* What is required *
For the data below, retype word for word the lines from the one containing "Tribal Woman Watching" through the one containing "- Diseño Funcional: mide"; drop the pictures.

* Available records *
□ □ □ □

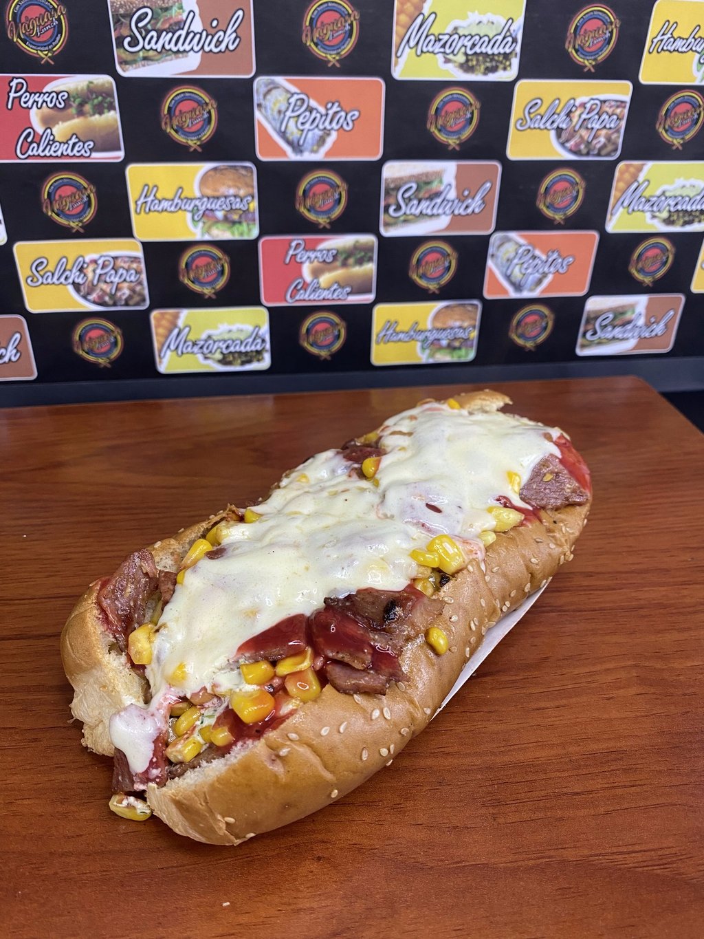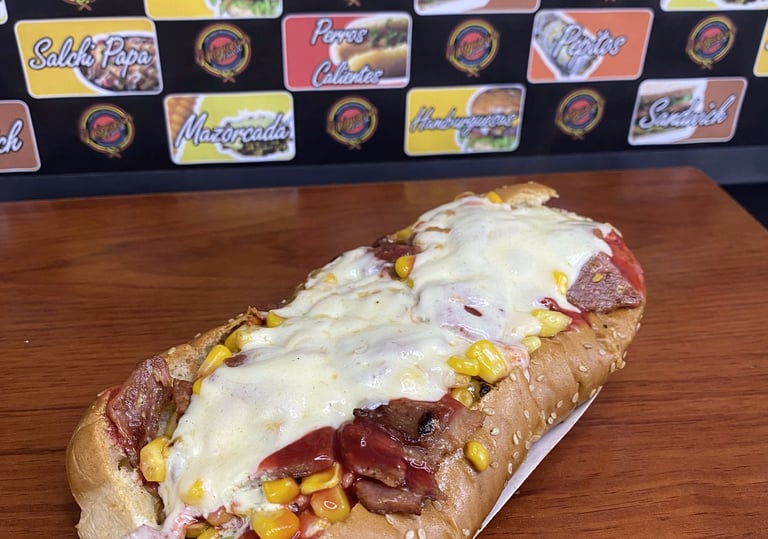 Pan perro, Salchicha Americana, Papitas cabello de ángel, Maíz dulce, Tocineta, Queso gratinado ,Salsas tradicionales.
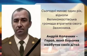 Великомостівська громада вшановує пам'ять Андрія Колачника, який загинув у боях за Україну рік тому.
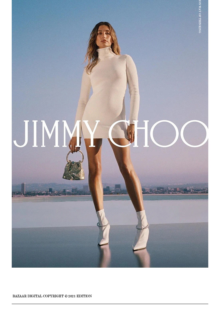 Jimmy Choo家也出了类似款,但是相对来说更加女性温柔,金属环也是做成了水晶造型,blingbling的,比简单的一双白靴更显高贵气质,顺便说一下嫂子好美啊。
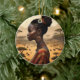 Tribal Woman Watching Over Her African Landscape, Ceramic Ornament
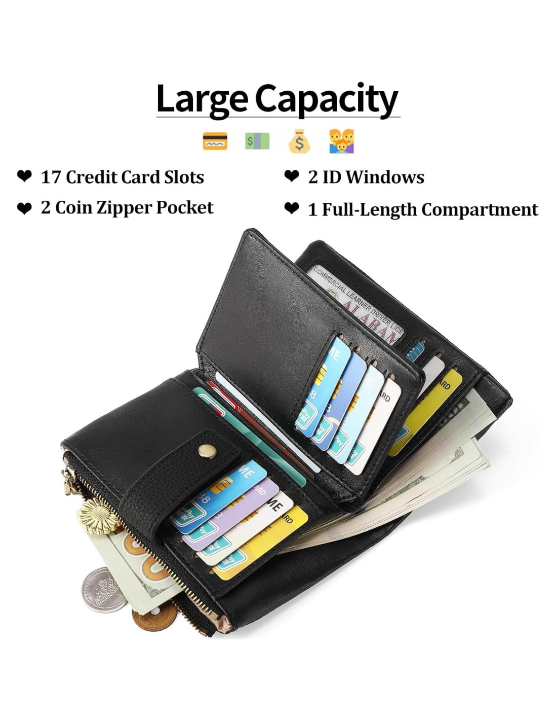 - Diseño Funcional: mide 14.2 x 8.9 x 2.5 centímetros, la cartera para mujeres viene con diecisiete ranuras para tarjetas de crédito y dos ventanas para ID, dos bolsillos con cremallera para redención y un compartimento de longitud completa
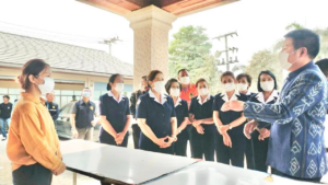 วันที่ 10 มีนาคม 2566 นางวราภรณ์ เสริมภักดีกุล นายกเหล่ากาชาดจังหวัดเลย ประธานแม่บ้านมหาดไทยจังหวัดเลย พร้อมด้วยนางสาวกานต์สิรี เรณุมาศ รองนายกเหล่ากาชาดจังหวัดเลย นางเตือนใจ บุตรคุณ รองนายกเหล่ากาชาดจังหวัดเลย ที่ปรึกษาเหล่ากาชาด กรรมการเหล่ากาชาด ร่วมกับ นายพศิน นาชัยโชติ นายอำเภอท่าลี่ ผู้แทน ปภ.เลย ผู้แทน พมจ.เลย นายกอบต.หนองผือ กำนัน ผู้ใหญ่บ้าน ลงพื้นที่ให้กำลังใจผู้ประสบอัคคีภัย เกิดเหตุไฟไหม้บ้านเรือนประชาชนได้รับความเสียหายบางส่วน รายนางวริยา สุวรรณอาสา อยู่บ้านเลขที่ 202 ม. 7 ตำบลหนองผือ อำเภอท่าลี่ จังหวัดเลย ในการนี้ เหล่ากาชาดจังหวัดเลย มอบเงินช่วยเหลือเบื้องต้น จำนวน 5,000 บาท พร้อมถุงอุปโภคบริโภค ผ้าห่ม ให้กับผู้ประสบอัคคีภัยดังกล่าว
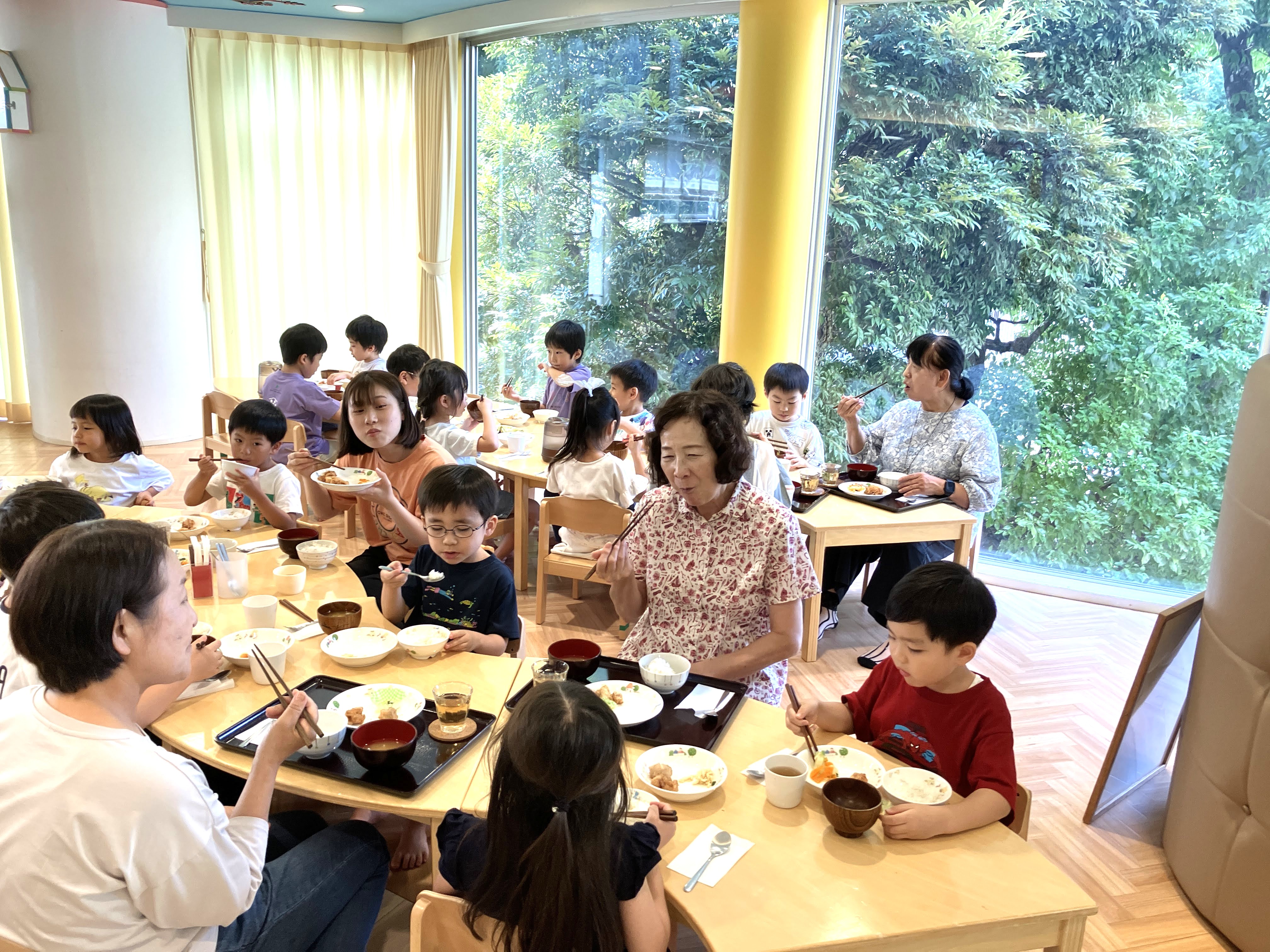 本日は、園児のおばあちゃん方をお招きし、子どもたちと一緒に遊んだり食事をしたりして、和やかな時間を過ごしました。

□ □ □ □

* Answer section *
 Tribal Woman Watching Over Her African Landscape, Ceramic Ornament
 - Diseño Funcional: mide 14.2 x 8.9 x 2.5 centímetros, la cartera para mujeres viene con diecisiete ranuras para tarjetas de crédito y dos ventanas para ID, dos bolsillos con cremallera para redención y un compartimento de longitud completa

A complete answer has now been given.